And Poetry Will No Longer Serve

Curated by Rozita Sharafjahan

15 - 20 November 2024

And Poetry Will No Longer Serve features works by over fifty artists, thinkers, and collectives, primarily Iranian, Palestinian, and from other parts of the world, all of whom have lived experiences of systematic oppression and its consequences. The collection aims to depict the complex and challenging history of the colonisation of Palestine from the last century to the present day.

Although this collection is not a media-centric exhibition, it includes firsthand documents and interviews from individuals directly affected, revealing the connections between some artworks and their contexts. The exhibition showcases expressions of resistance or reactions to violence through art. Some works are in direct dialogue with protests, while others reflect the enduring impacts of repression and violence. Produced from the mid-last century to today, these works are being displayed together for the first time. In an era where global protests in the streets address issues of genocide, violence, and more, And Poetry Will No Longer Serve engages with protest through a diverse collection of works developed outside mainstream currents.

Following the indefensible Hamas attack on October 7, 2023, during which 1,200 civilians were killed and 240 others taken hostage, the Israeli government launched military and inhumane attacks against the people of Gaza, resulting in 56,000 deaths by the end of June 2025. According to the UN Human Rights Office, 70% of these casualties are women and children. This humanitarian catastrophe, along with the widespread killing of civilians (which is difficult to distinguish from genocide, yet the Israeli government continues to justify it by referencing the nature of the Hamas attack), has cast a suffocating shadow over cultural sectors worldwide, where freedom of expression is under threat.

In this atmosphere, a group of artists, alongside peace-loving friends around the world, in solidarity with the grieving people of the region, strive to break the wall of silence and indifference.
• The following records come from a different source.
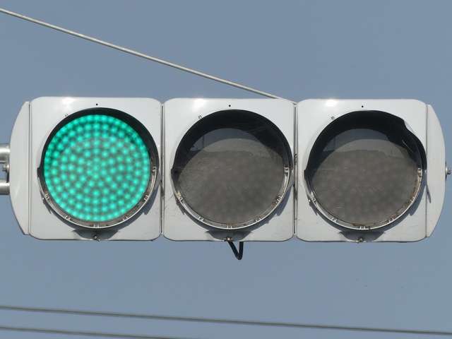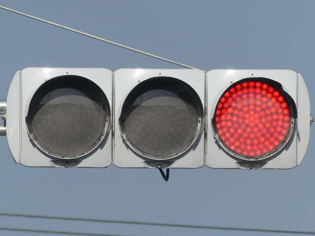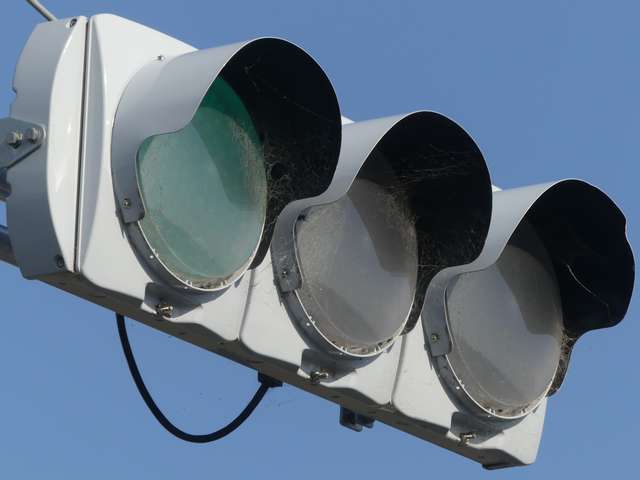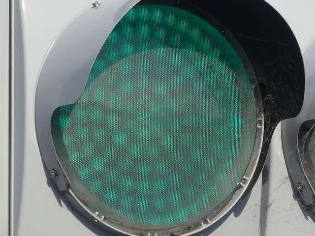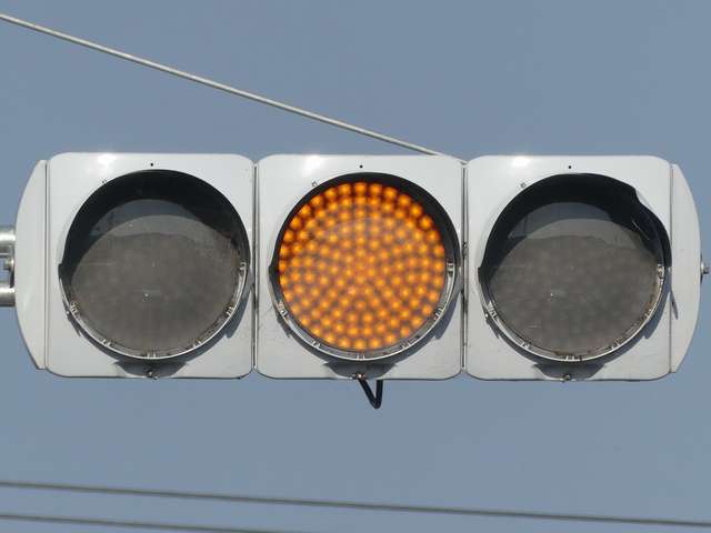 星和電機製のレンズが厚いタイプの薄型灯器です。県内での設置はこの交差点の2台のみと思われます。
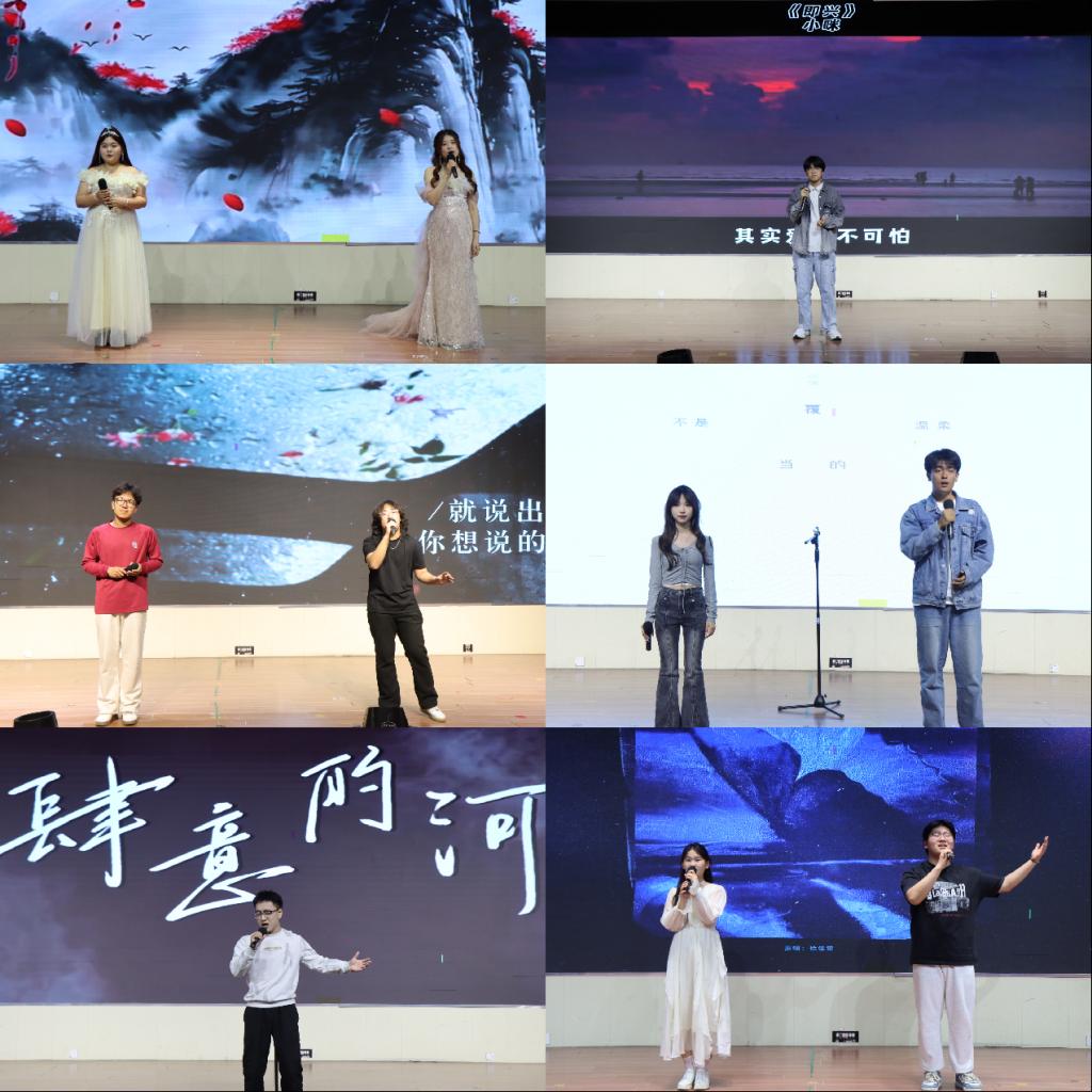 比赛现场星光熠熠,《肆意的河》《你爱我还是他》《至少还有你》等经典歌曲轮番上演,既有深情款款的抒情演绎,也有活力四射的舞台表现。选手们通过独特的嗓音和精湛的演唱技巧,将音乐魅力展现得淋漓尽致。中场环节,舞蹈队带来的现代舞《Pocket locket》以灵动舞姿点燃全场,乐队倾情演绎五月天经典曲目《恋爱ing》,掀起阵阵欢呼。经过激烈角逐,姚道一凭借出色发挥斩获一等奖;王叙然、丁嘉铭荣获二等奖;何佳乐、董正凯、郑家硕获得三等奖。
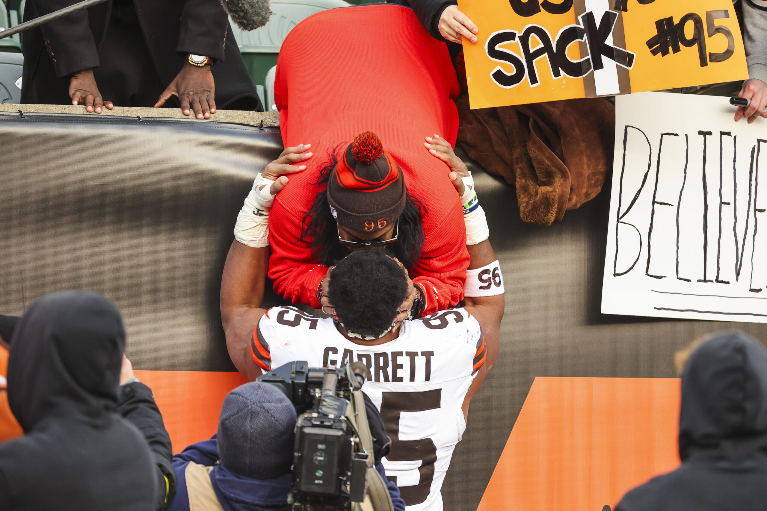 Jan 4, 2026; Cincinnati, Ohio, USA; Cleveland Browns defensive end Myles Garrett (95) greets family following a victory against the Cincinnati Bengals at Paycor Stadium. Mandatory Credit: Joseph Maiorana-Imagn Images
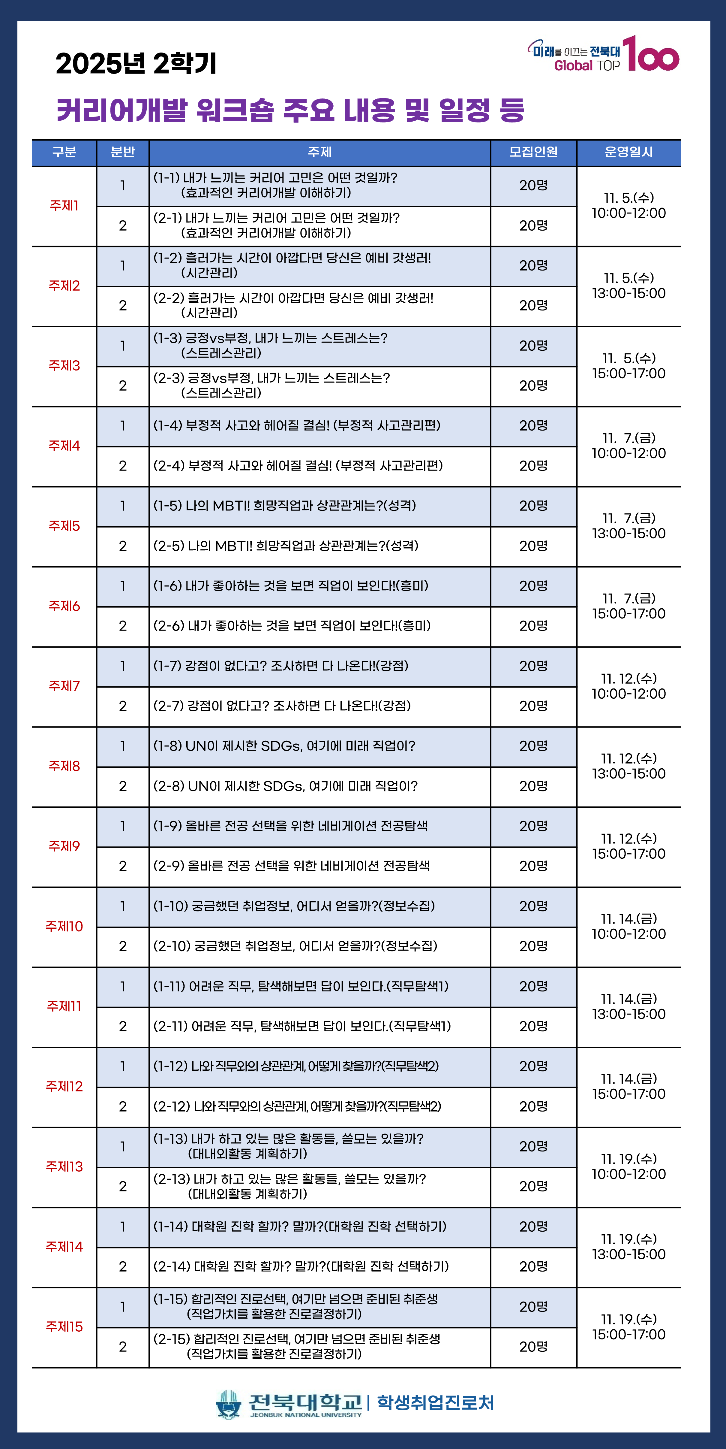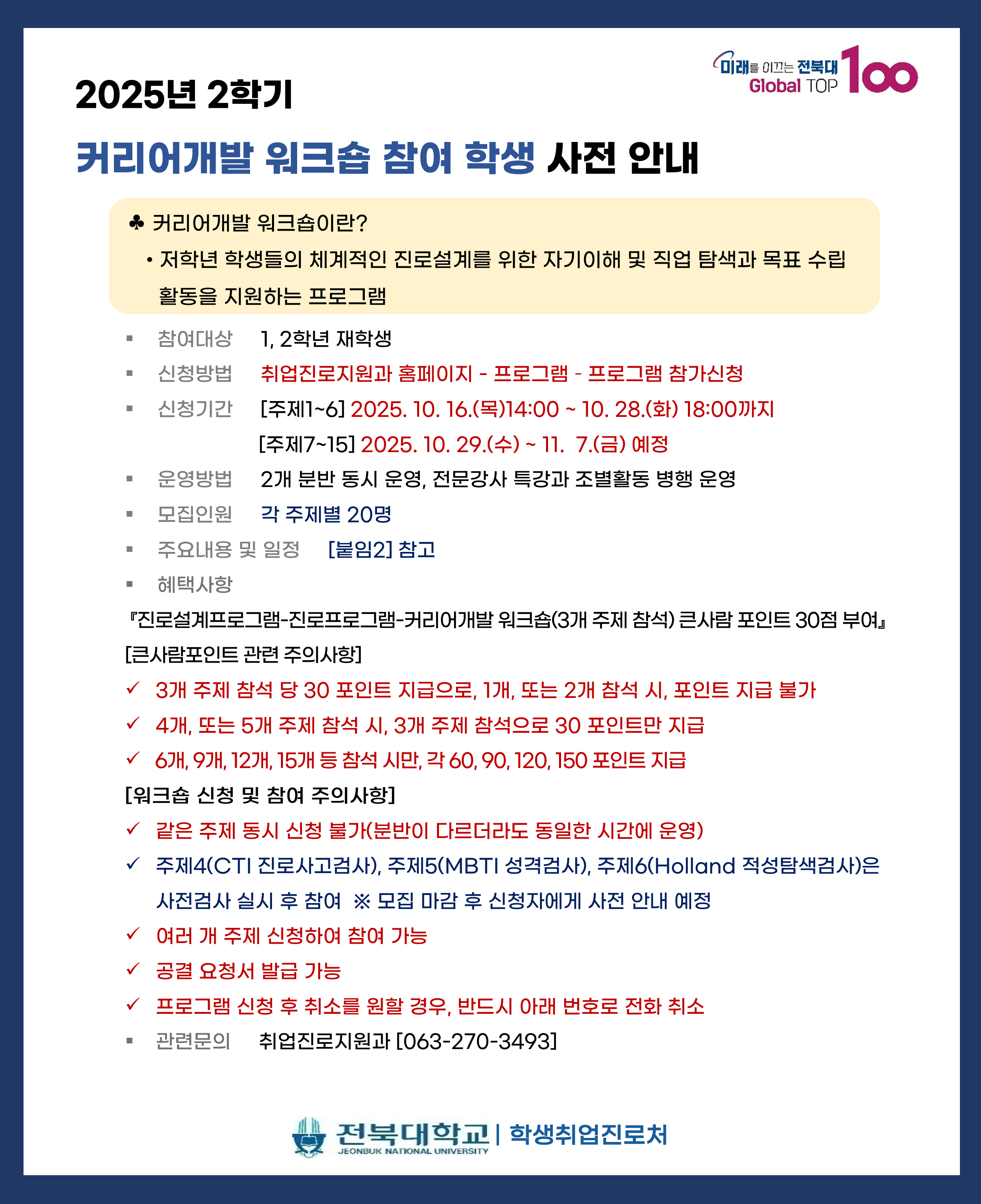 [취업진로지원과] 커리어개발 워크숍 운영 사전 안내

Through their art, they aim to amplify the voice of the people in the Middle East and collectively demand an immediate ceasefire. Stop the war today.

And Poetry Will No Longer Serve takes a stand in addressing the current war in Palestine and the fabricated culture wars being waged by the political right and centre stage, arguing that the arts must resist the forces that would otherwise silence them.

The question of where to start this conversation is similarly a political one. Where on the timeline of events do we start what feels a long, divisive, and dividing history between Israel and Palestine? In effect, the question of silencing is perhaps the central ground here, and the forces creating these conditions have increasingly been felt since the breakout of this conflict.